First, January and February have been remarkably similar in terms of the outage numbers that we observed in each month. While it’s too early to make a definitive call on March, the month is trending fairly similarly to the first two months of this year.
And although I anticipate the typical “step pattern” of outages increasing month-over-month to continue in 2022, the size or cadence of the steps we’ve observed so far between January and March appear to be smaller than in previous years.
There’s also a noticeable step down in the absolute number of outages to date in 2022 when compared to prior corresponding periods. I should also note that this comparison does not include the anomalous impact of the start of mass work-from-home arrangements in March 2020. In looking at month-to-month outages, it’s clear the absolute numbers are down in 2022 and there is less variation from month to month.
And remember, this is occurring against the backdrop of growing amounts of Internet and cloud infrastructure being deployed worldwide.
The cloud infrastructure market alone brought in an extra $49 billion in the past year. Astronomical business growth is driving a huge increase in data center builds, cable lays and general infrastructure expansion. More infrastructure means more stuff we can instrument, and more moving parts means more potential points of failure or things that could go wrong. If past experience is any indicator, it would be entirely realistic to expect to see more failures occur more often.
Yet, they aren’t.
There’s a logical explanation for this, but also a potentially anomalous one, as well.
The logical explanation is that all the years of effort put into operational and infrastructure resilience is paying off. As engineers, we always design our own networks with resiliency in mind but had to rely, at some point, on other parties to carry our traffic. Resiliency between those different networks varied, and we were only ever as good as the party with the lowest resiliency or our ability to create workarounds.
Network conditions that might once have resulted in significant user-impacting incidents are mitigated well before anything particularly adverse is able to occur. Now, given the broad focus on site reliability engineering (SRE) and the addition of ‘Ops’ to just about every possible IT discipline (DevOps, SecOps, AIOps, etc.), it’s possible we’ve turned a corner on collective resiliency, such that when we (or our packets) do encounter degraded conditions, engineers are alerted. Workarounds can be quickly initiated, such that the user impact is low to negligible.
That doesn’t mean that significant outages will disappear completely. Of course, we’re witnesses to an increasing and diverse footprint when it comes to services and the associated service delivery chain, architected to provide services to a global user base. As we’ve previously discussed, a failure in a single part of that delivery chain environment can cause significant user-impacting issues. By having visibility across all the components you rely on, you can be better positioned to make changes to each one based on ambient conditions. You might change where your data is served from, how a container is accessed, or even the ISP or path to or from your equipment to avoid an outage or a catastrophic failure. The options available will depend a bit on your organization’s access to redundant capabilities, but this agility in network design is achievable.

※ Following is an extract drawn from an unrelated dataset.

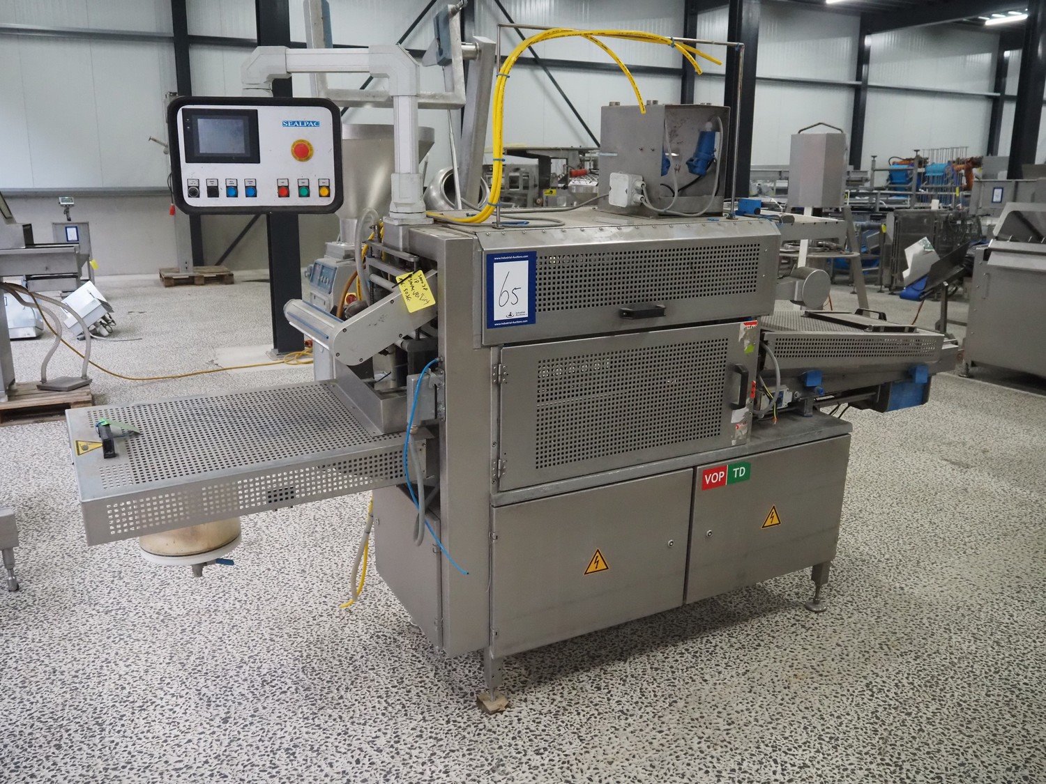 Sealpac traysealer, type: Sealpac 750, serial number: TVS 04 1650 01, year of construction: 2007, 3x400/230 V, 50-60 Hz, 6.5 kW, dye: (5x) Ø 122 mm, total dimensions: 3200 mm x 800 mm x 2000 mm. Incomplete, technical condition unknown. Kavel locatie: Amfoor 6, 4421 SE Kapelle, Nederland

The other explanation (for a start of the year with fairly stable outage numbers month-on-month and fewer outages overall than past years) is that 2022 is a bit of an anomaly because it started out more slowly than previous years. Whereas in past years, business activity really kicked off in earnest in February, it seemed that organizations have taken a bit longer this year to get into gear. Things are happening now—the sales kick-offs are done, the virtual events are back and there seems to be more activity generally. But this is effectively a month to six weeks later than other years.
It is possible that this is playing out in outage numbers: a muted start to the year by business has flow-on impacts. And, as the move to a more hybrid and distributed workforce expands around the globe, we might continue to see an adjustment in terms of the “typical” outage numbers, when compared to similar periods in previous years, essentially marking a shift away from what we’d determine to be traditional patterns. Time will tell.